**PROBLEM TO WORK ON:**
Nothing in the data should change when you return it, but leave the pictures out.

**EXTRACTED MATERIAL:**
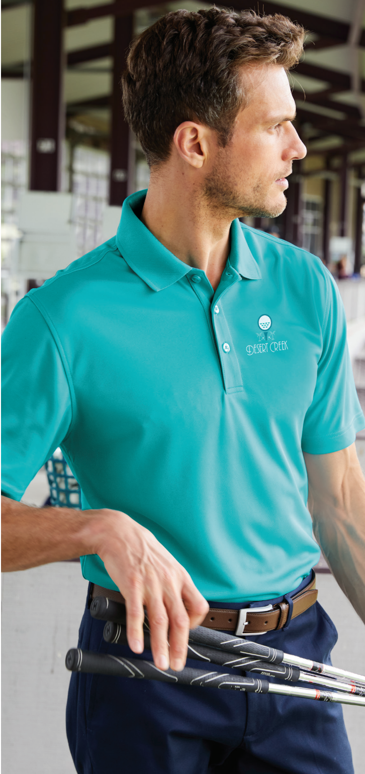
PORT AUTHORITY® Dry Zone® UV Micro-Mesh Polo K110 | Adult Sizes: XS-6XL | 16 Colors
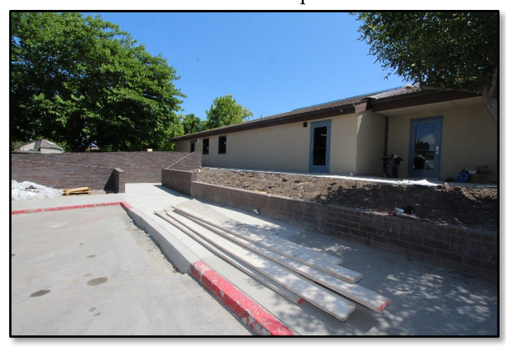
Eastshore ES: Expansion
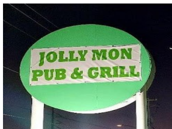
Jolly Mon Pub & Grill
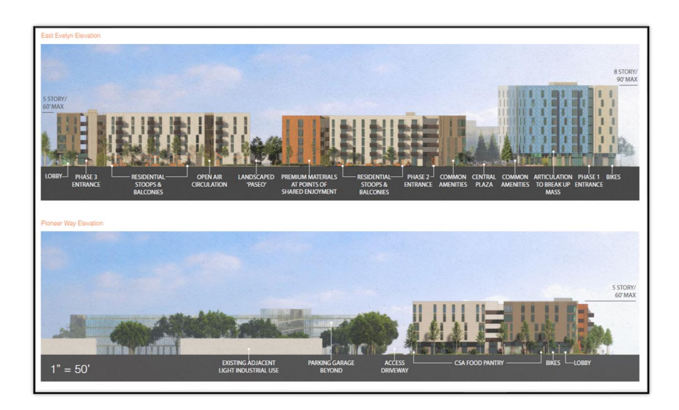
Figure 7: Charities Housing Proposal—Conceptual Design
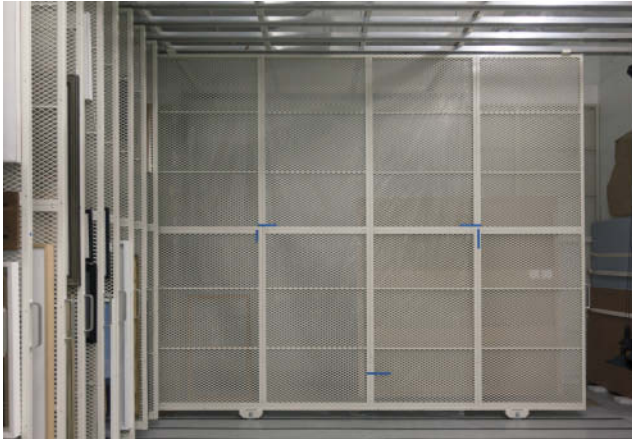
Fig. 3. Installation position marked on the screen.
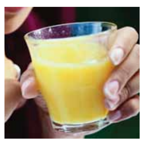
Drinking 4 ounces of orange juice can raise low blood sugar levels.

What should you do? Drink half a cup of sweet juice, such as orange or apple. Or quickly eat two spoonfuls of sugar or six to seven small hard candies. Be prepared – you should always carry candies or sugar packets with you. Once your blood sugar is raised and you start to feel better, take time to rest. If it is near your regular mealtime, eat a meal.
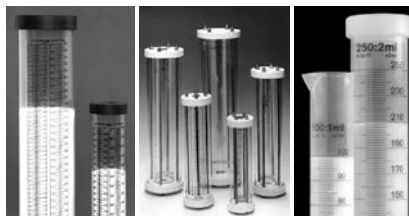
PVC Glass Poly

**ANSWER TO THE PROBLEM:**
PORT AUTHORITY® Dry Zone® UV Micro-Mesh Polo K110 | Adult Sizes: XS-6XL | 16 Colors
Eastshore ES: Expansion
Jolly Mon Pub & Grill
Figure 7: Charities Housing Proposal—Conceptual Design
Fig. 3. Installation position marked on the screen.
Drinking 4 ounces of orange juice can raise low blood sugar levels.

What should you do? Drink half a cup of sweet juice, such as orange or apple. Or quickly eat two spoonfuls of sugar or six to seven small hard candies. Be prepared – you should always carry candies or sugar packets with you. Once your blood sugar is raised and you start to feel better, take time to rest. If it is near your regular mealtime, eat a meal.
PVC Glass Poly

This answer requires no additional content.